Efficient Per Query Information Extraction from a Hamming Oracle [with Erratum]

Winston Ewert, George Montañez, William A. Dembski, Robert J. Marks II
Proceedings of the the 42nd Meeting of the Southeastern Symposium on System Theory, IEEE, University of Texas at Tyler, March 7-9, 2010, pp.290-297. Cite as: Winston Ewert, George Montañez, William A. Dembski, Robert J. Marks II, "Efficient Per Query Information Extraction from a Hamming Oracle," Proceedings of the 42nd Meeting of the Southeastern Symposium on System Theory, IEEE, University of Texas at Tyler, March 7-9, 2010, pp.290-297.

Abstract

Computer search often uses an oracle to determine the value of a proposed problem solution.
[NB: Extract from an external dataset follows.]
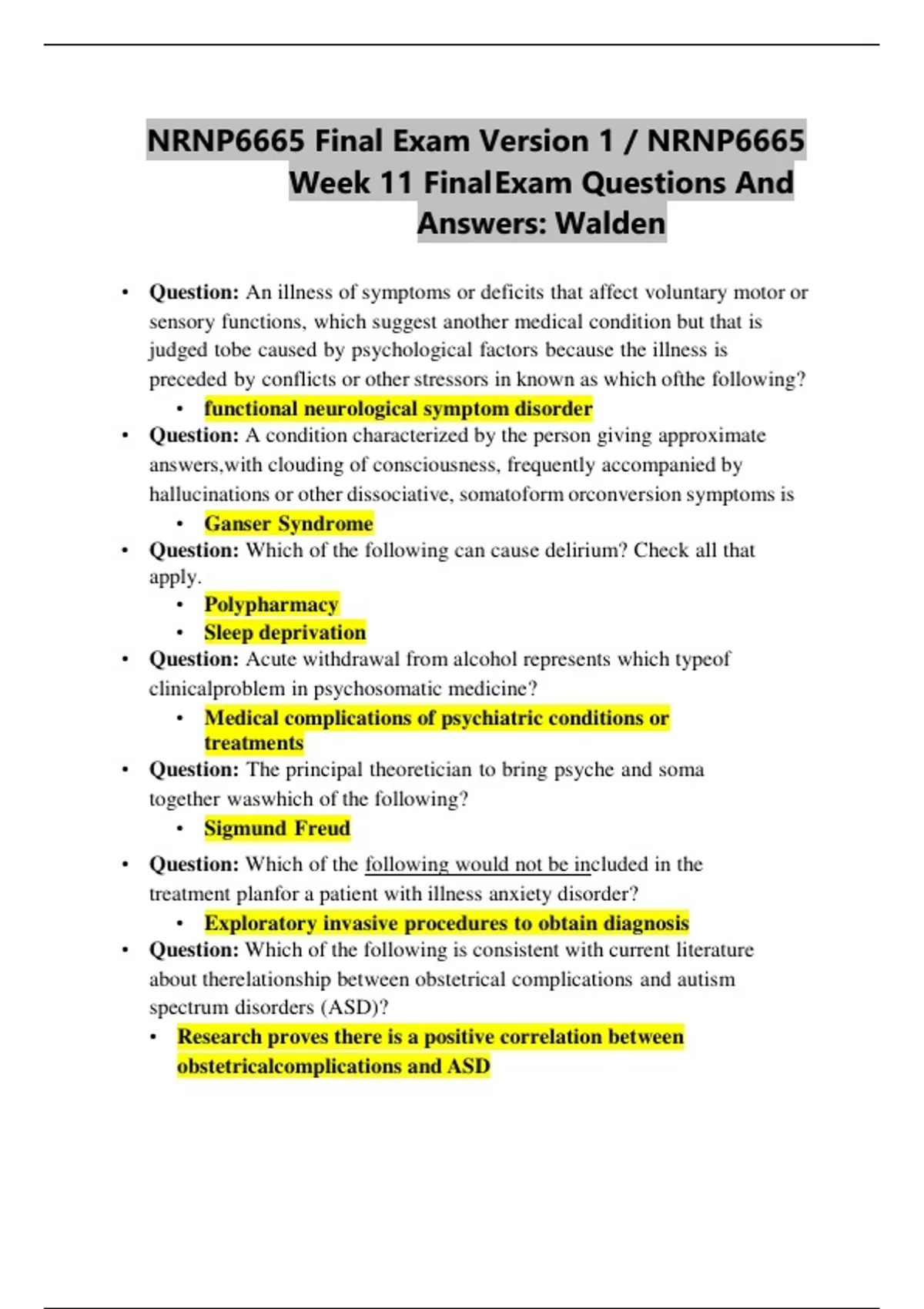 NRNP6665 Final Exam Version 1 / NRNP6665 Week 11 Final Exam Questions And Answers: Walden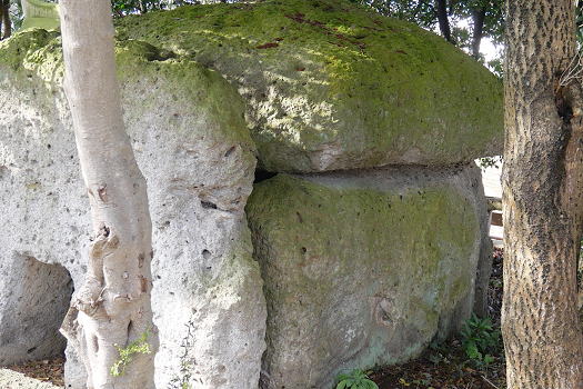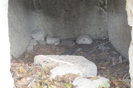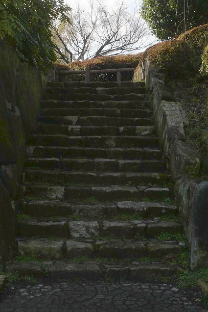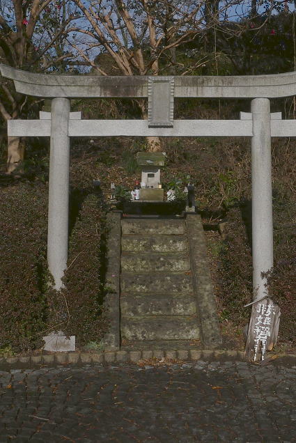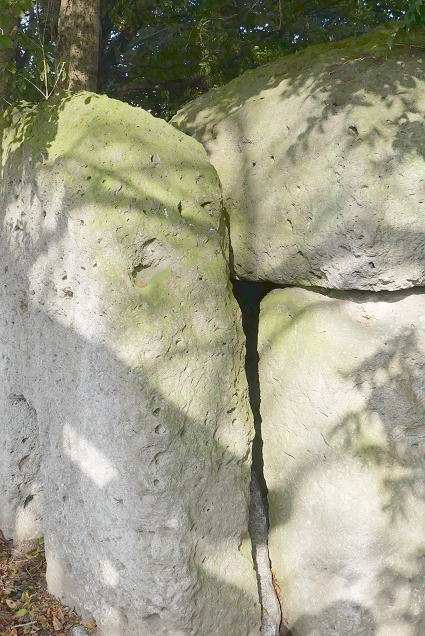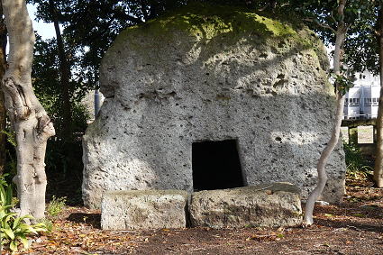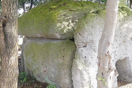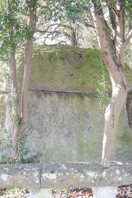 愛宕塚古墳(石室) この石室はこの地にあった全長約50~60mの愛宕塚古墳の横穴式石室。 忠霊塔を立てる際に掘り出され、約30mほど北に移設、復元した。 石室は凝灰岩製の切石で、側壁長さ2.5m、高さ1.6m、奥壁幅2.2m、高さ1.6m、 羨門(入口)幅2.3m、高さ2.1m、天井石長さ2.95m、幅2.4m、高さ1.2m。 特に羨門(入口)は板石をくりぬいて造っている。 |

Information is extracted from the oracle using repeated queries. Crafting a search algorithm to most efficiently extract this information is the job of the programmer. In many instances this is done using the programmer's experience and knowledge of the problem being solved. For the Hamming oracle, we have the ability to assess the performance of various search algorithms using the currency of query count. Of the search procedures considered, blind search performs the worst. We show that evolutionary algorithms, although better than blind search, are a relatively inefficient method of information extraction. An algorithm methodically establishing and tracking the frequency of occurrence of alphabet characters performs even better. We also show that a search for the search for an optimal tree search, as suggested by our previous work, becomes computationally intensive.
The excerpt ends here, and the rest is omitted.